Читаем В поисках Парижа, или Вечное возвращение полностью

В Ленинграде на борт поднялись пограничники и расселись за столики в ресторане для проверки документов. Я достался пожилому, интеллигентного вида и манер человеку в капитанских погонах. Ни возрастом, ни повадками скромному своему чину он не соответствовал, беседовал обходительно и, поставив штамп, сказал странное: «Хорошо бы с вами чашечку кофе как-нибудь выпить». Впрочем, ожидая у стойки таможни, я увидел своего капитана в центре огромного круглого прилавка, за которым шел досмотр – ему показывали книги и пластинки. Вероятно, он был высоких чинов экспертом из Большого дома и для каких-то высших целей его закамуфлировали под пограничника. Унылый липкий ужас возвращался. Впрочем, чиновник из ОВИРа, отдавая мне внутренний паспорт, любезно меня похвалил за то, что я не привез много чемоданов. Там уже всё знали.

Среди сделанных в Париже фотографий особенно красноречивы две. На одной я снят в Люксембургском саду в первый день приезда. Самодовольный, пухлый господинчик, допущенный в Париж. На другой, в том же пиджаке, месяц спустя. Осунувшийся, словно обгоревший, растерянный и несчастный, потерявший не то что самодовольство – последние крохи покоя.

С тех пор я и впрямь как-то потерялся. Униженная жажда поехать еще раз, ожидание приглашения, ощущение, что стал чужим своей стране, но и чужая страна не стала моей и не станет, эта ненужность ни там ни здесь – от этого было не уйти.

Париж остался в моем опечаленном воображении, многоликий и зыбкий, но мой и единственный (при всей своей неуловимости) Париж, который никто у меня не отнимет. Даже он сам, его непреклонная реальность, принесенные им страдания, невозможность к нему прикоснуться, отыскать в нем себя. В отвергнутом многими, больном и мудром «Дневнике» Юрия Нагибина написано: «Самое ценное не поездка, а тоска по ней… Самая лучшая заграница – мой письменный стол…»

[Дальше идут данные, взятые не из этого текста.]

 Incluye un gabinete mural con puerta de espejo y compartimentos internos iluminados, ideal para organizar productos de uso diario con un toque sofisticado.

Но мне бессмысленно, страстно, безнадежно хотелось вернуться, «платиновое солнце» за Триумфальной аркой оставляло мне надежду. Я не знал тогда, что начался мучительный и прекрасный мой роман с Парижем, мое «вечное возвращение», воображаемое, а потом и реальное. Вымоленные у судьбы, радостные и безрадостные, страшные и прельстительные поездки, трудные встречи с самим собой и отчаяние от собственной неблагодарности, написанные и ненаписанные книги – чего только не принес в мою жизнь этот город, о котором я начал мечтать еще в годы войны, за печкой в деревне Черной.

Париж’77

Кажется, я наконец нашел свой путь. Следовать ему.

Стендаль. Дневник. 29 вантоза XIII года (20 марта 1805)

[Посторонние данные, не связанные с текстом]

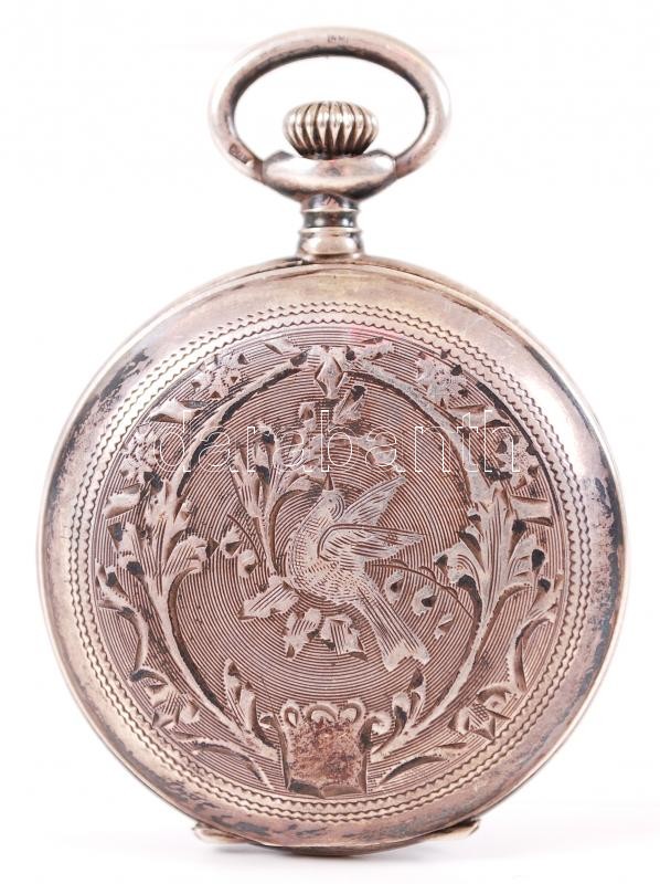 Beschreibung: Ezüst (Ag.) dupla fedeles gazdagon cizellált zsebóra, másodperc mutatós, jelzett, bruttó: 28 g, d:3,3 cm
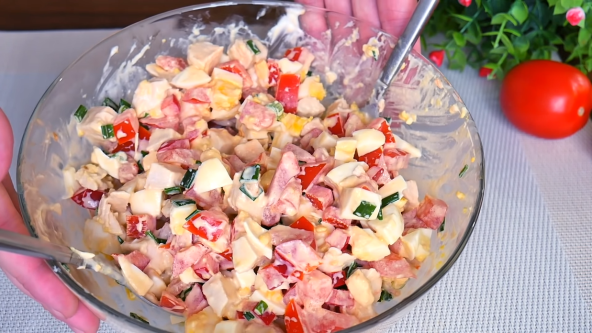 Paradajz izdubite i isecite na kockice, kao i papriku i mladi luk. Pomešajte, pa dodajte piletinu isecekanu na kockice koju ste prethodno skuvali, a zatim i kuvana jaja isečena na kockice. Sipajte preko majonez i dobro sjedinite. Umesto majoneza možete da pomešate kiselu pavlaku i senf i time da prelijete salatu.

В 1962-м, когда «Домье» был еще в типографии, в той же серии «Жизнь замечательных людей» впервые вышла книга Булгакова «Жизнь господина де Мольера», написанная давно, в 1933 году.

Книга привела меня в восторг и погрузила в тоску.

Впервые я почувствовал, что жизнеописание может быть высокой литературой. Свободной, виртуозно написанной, с собственной неповторимой интонацией. Понял, что вовсе не степень эрудиции, знакомство с архивами или даже путешествие во Францию определяют удачу автора – Булгакова за границу так и не пустили, – а талант, только талант, интуиция, блеск пера и опять-таки свобода, способность писать, ни на что не оглядываясь, доверяя лишь собственному божественному дару.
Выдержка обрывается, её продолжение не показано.